Add config system dedicated-mgmt to all FortiGate models with mgmt, mgmt1, and mgmt2 ports.

Add SoC4 driver support for the IEEE 802.1ad, which is also known as QinQ. When the OID is used up, it is forbidden to create a new QinQ interface.

Add a RADIUS option to allow the FortiGate to set the RADIUS accounting message group delimiter to a comma (,) instead of a plus sign (+) when using RSSO. The default delimiter is still a plus sign.

FortiOS supports customizing the source IP address and the outgoing interface for communication with the upstream FortiGate in the Security Fabric:

config  system csf
    set source-ip <class_ip>
    set upstream-interface-select-method {auto | sdwan | specify}
end

Support matching by destination port when matching a central NAT rule if the protocols are TCP, UDP, or SCTP.

Add 100G speed option for FG-180xF for ports 37, 38, 39, and 40. Upon firmware upgrade, existing port speed configurations are preserved.

FortiOS allows customers to enable or disable the INDEX extension that appends the VDOM or interface index in RFC tables.

config system snmp sysinfo
    set append-index  {enable | disable }
end

Add support for FAP-234G management.

Support switching to an alternate FortiAnalyzer if the main FortiAnalyzer is unavailable. Once the connectivity is restored, it will automatically fall back to the primary FortiAnalyzer.

This enhancement changes to the Internet Key Exchange (IKE) protocol to bolster the security measures and improve the performance of IPsec VPN. The three key changes include EMS SN Verification, IPsec SAML-based authentication, and IPsec Split DNS.

Support EMS serial number checking per IPsec phase 1 interface.

config vpn ipsec phase1-interface
    edit <name>
        set ems-sn-check {enable | disable}
    next
end

Add two FortiGuard web filter categories:

• Artificial intelligence technology (category 100): sites that offer solutions, insights, and resources related to artificial intelligence (AI).

• Cryptocurrency (category 101): sites that specialize in digital or virtual currencies that are secured by cryptography and operate on decentralized networks.

Support autoconnect to IPsec VPN using Microsoft Entra ID. This enables seamless and secure connectivity for users accessing corporate resources by automatically establishing IPsec VPN connections based on Microsoft Entra ID logon session information.

Remote access with read and write rights through FortiGate Cloud now requires a paid FortiGate Cloud subscription. The FortiGate can still be accessed in a read-only state with the free tier of FortiGate Cloud.
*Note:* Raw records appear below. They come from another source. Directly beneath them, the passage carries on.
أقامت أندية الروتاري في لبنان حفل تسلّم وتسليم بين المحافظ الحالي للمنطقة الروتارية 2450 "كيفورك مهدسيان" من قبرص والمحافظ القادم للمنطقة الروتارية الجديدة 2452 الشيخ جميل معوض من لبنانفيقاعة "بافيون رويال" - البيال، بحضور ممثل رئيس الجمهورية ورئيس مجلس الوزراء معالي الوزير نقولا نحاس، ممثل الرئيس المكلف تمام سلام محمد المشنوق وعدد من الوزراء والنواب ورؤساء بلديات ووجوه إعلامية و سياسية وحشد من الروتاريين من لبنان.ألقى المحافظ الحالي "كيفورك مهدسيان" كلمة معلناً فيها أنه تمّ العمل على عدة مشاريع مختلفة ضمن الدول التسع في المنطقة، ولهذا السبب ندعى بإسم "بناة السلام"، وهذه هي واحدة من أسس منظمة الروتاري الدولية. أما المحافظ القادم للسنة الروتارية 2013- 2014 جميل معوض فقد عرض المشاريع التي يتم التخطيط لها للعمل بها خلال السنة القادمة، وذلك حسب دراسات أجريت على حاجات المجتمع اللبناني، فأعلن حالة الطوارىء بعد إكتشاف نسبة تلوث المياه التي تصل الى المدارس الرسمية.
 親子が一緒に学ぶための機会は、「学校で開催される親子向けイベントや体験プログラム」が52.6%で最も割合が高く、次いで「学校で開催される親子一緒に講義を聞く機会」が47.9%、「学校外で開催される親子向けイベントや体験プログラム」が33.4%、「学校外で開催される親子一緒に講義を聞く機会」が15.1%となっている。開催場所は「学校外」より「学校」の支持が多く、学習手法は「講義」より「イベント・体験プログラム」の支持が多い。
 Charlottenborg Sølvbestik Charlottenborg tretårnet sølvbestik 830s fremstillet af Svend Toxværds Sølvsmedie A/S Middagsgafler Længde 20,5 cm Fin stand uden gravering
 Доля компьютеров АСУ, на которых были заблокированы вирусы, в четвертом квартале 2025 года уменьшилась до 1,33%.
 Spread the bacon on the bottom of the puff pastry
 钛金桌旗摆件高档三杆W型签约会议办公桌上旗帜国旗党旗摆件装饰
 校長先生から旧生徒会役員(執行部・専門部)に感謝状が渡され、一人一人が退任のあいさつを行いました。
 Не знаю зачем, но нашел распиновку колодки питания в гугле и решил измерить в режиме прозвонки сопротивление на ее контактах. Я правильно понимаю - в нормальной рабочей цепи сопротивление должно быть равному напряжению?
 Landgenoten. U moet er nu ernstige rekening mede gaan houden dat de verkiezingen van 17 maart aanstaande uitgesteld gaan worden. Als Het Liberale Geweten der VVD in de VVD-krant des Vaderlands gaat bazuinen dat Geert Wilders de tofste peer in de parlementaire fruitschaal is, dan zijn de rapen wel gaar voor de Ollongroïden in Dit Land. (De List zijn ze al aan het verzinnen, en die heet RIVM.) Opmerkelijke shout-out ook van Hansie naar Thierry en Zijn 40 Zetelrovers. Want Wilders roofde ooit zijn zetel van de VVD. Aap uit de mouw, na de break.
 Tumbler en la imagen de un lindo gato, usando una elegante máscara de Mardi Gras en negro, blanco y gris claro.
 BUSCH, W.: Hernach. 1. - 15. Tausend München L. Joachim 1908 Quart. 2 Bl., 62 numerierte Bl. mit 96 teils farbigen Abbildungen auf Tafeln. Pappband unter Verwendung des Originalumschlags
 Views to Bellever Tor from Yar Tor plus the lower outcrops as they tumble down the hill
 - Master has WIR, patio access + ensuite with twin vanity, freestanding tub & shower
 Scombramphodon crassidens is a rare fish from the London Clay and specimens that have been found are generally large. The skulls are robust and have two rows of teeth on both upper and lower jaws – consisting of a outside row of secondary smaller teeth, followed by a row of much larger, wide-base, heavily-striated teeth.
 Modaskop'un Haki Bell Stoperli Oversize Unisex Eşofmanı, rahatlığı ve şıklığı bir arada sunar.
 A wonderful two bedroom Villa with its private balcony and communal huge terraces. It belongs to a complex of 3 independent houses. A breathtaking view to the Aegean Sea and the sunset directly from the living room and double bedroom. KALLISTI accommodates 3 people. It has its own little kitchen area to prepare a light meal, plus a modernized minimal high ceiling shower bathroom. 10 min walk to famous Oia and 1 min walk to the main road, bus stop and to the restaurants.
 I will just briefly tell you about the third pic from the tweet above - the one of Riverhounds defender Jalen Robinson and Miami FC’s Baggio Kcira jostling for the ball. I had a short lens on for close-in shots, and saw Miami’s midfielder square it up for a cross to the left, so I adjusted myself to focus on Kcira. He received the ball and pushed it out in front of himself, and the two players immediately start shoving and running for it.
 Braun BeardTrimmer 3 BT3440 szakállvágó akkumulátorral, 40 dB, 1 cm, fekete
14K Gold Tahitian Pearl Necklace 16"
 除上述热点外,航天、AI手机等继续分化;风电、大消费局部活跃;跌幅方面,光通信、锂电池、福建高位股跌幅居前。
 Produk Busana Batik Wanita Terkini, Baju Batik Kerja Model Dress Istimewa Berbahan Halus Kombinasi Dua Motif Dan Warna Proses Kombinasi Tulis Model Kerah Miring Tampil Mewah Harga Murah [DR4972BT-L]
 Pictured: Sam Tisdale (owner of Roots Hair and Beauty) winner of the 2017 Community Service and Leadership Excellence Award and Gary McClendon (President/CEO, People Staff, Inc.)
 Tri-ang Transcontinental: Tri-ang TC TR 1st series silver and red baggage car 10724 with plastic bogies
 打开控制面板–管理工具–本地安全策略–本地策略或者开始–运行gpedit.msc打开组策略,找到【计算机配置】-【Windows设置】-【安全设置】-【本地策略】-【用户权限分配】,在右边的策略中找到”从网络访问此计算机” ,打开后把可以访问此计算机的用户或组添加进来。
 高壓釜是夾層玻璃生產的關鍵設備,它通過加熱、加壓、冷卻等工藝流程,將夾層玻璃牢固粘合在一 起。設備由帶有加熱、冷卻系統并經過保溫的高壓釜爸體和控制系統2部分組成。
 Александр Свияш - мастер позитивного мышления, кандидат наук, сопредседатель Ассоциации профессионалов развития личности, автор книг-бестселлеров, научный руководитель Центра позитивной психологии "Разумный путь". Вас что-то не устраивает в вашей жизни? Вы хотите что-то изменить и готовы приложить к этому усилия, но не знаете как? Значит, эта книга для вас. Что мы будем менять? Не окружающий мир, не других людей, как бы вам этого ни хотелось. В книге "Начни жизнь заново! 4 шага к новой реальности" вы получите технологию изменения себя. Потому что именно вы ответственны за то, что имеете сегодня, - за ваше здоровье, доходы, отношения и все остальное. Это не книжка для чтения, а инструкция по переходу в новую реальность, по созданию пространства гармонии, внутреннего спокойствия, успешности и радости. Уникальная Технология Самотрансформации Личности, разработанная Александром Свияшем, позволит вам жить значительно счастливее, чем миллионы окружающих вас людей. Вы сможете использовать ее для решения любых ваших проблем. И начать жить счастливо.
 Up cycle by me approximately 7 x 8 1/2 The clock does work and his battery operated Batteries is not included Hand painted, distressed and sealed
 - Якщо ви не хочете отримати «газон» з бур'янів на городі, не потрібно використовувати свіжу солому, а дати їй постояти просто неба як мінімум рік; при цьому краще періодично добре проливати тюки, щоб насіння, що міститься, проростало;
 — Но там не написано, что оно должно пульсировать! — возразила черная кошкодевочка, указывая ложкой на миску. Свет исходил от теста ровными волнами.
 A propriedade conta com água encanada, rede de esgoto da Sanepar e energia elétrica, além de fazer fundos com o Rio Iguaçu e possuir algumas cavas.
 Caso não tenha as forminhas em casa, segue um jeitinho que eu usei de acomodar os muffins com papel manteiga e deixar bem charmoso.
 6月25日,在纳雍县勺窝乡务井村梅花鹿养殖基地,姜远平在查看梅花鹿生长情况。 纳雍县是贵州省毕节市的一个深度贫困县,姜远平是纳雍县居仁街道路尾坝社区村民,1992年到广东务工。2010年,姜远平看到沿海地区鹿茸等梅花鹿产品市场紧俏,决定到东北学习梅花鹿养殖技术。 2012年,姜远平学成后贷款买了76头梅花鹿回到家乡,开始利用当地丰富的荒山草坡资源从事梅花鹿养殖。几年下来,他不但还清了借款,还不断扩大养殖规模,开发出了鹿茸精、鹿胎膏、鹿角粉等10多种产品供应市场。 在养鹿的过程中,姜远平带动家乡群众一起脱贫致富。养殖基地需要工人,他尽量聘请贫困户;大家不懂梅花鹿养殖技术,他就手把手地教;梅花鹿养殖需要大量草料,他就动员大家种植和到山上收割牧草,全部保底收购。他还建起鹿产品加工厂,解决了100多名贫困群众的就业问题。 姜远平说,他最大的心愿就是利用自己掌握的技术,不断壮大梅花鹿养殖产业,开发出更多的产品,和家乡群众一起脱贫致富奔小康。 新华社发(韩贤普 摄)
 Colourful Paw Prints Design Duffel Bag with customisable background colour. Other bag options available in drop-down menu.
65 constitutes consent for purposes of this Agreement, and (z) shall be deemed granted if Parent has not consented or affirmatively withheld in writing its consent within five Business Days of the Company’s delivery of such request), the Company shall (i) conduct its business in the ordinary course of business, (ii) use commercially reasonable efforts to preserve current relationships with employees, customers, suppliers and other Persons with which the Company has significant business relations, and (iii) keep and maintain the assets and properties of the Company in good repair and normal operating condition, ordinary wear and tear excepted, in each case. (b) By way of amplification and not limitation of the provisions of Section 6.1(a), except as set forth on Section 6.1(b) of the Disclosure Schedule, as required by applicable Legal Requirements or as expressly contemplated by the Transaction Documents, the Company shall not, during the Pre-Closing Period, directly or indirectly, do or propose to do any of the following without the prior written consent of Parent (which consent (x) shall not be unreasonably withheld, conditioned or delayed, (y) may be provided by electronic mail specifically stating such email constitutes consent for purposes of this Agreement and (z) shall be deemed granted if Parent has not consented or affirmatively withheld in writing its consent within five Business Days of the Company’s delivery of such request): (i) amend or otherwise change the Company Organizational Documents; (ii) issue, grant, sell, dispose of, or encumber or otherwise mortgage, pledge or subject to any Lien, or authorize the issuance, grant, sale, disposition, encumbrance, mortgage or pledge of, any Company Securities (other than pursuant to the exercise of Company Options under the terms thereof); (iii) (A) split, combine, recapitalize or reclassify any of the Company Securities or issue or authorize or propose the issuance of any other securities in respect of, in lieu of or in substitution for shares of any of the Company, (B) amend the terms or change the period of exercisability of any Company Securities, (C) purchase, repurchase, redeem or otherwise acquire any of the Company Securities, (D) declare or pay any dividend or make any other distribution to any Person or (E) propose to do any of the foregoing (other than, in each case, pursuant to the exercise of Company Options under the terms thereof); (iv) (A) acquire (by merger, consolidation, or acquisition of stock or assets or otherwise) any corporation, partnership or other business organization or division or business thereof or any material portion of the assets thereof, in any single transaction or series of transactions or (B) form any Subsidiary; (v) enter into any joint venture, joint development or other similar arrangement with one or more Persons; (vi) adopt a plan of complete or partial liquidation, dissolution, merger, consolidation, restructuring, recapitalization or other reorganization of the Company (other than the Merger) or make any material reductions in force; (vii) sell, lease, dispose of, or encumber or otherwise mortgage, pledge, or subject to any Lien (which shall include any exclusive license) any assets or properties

Alternatively, you can access your FortiGate through its web interface.

Please contact your Fortinet Sales/Partner for details on purchasing a FortiGate Cloud Service subscription license for your FortiGate device.

FortiOS supports Automatic Firmware Modification Attempt Reporting. This enhancement improves upon the Real-time file system integrity checking feature by implementing an automatic reporting mechanism in the event of an unauthorized firmware modification attempt.

Support the BGP graceful restart helper-only mode. This ensures that during a FortiGate HA failover, the neighboring router that only supports BGP graceful restart helper mode retains its routes.

FortiOS supports customizing retry times and intervals for token activation for FortiFlex/Flex-VM licenses.

execute vm-license-options count <integer>
execute vm-license-options interval <integer>

In hyperscale CGNAT PBA and SPA configurations, quick port re-use can occur because the default direct port selection mode always selects the next available port number in the port range. So if a port number that is low in the port range, becomes available it will be selected first. Quick port re-use can cause delays for some clients in some network configurations.

You can use the following commands to change the PBA and SPA port selection modes to random. In random mode, after selecting the first port number in the range, random mode randomly selects any port number in the range. Selecting a random port number makes it less likely to quickly re-use the same port numbers.

To change the PBA port selection mode:

config system npu
    set pba-port-select-mode {random | direct}
end

To change the SPA port selection mode:

config system npu
    set sba-port-select-mode {random | direct}
end

FortiOS supports up to six NetFlow collectors. This enhancement extends to multi-VDOM environments where a maximum of six NetFlow collectors can be used globally or on a per-VDOMs basis.

FortiOS supports source IP address anchoring in dial-up IPsec tunnels. This allows the gateway to match connections based on the IPv4/IPv6 gateway address parameters, such as the subnet, address range, or country.

A new CLI option allows users to choose to discard or permit IPv4 SCTP packets with zero checksums on the NP7 platform:

config system npu
    config fp-anomaly
        set sctp-csum-err {allow | drop | trap-to-host}
    next
end

FIPS-CC cipher mode is silently enabled when configured using cloud-init for AWS.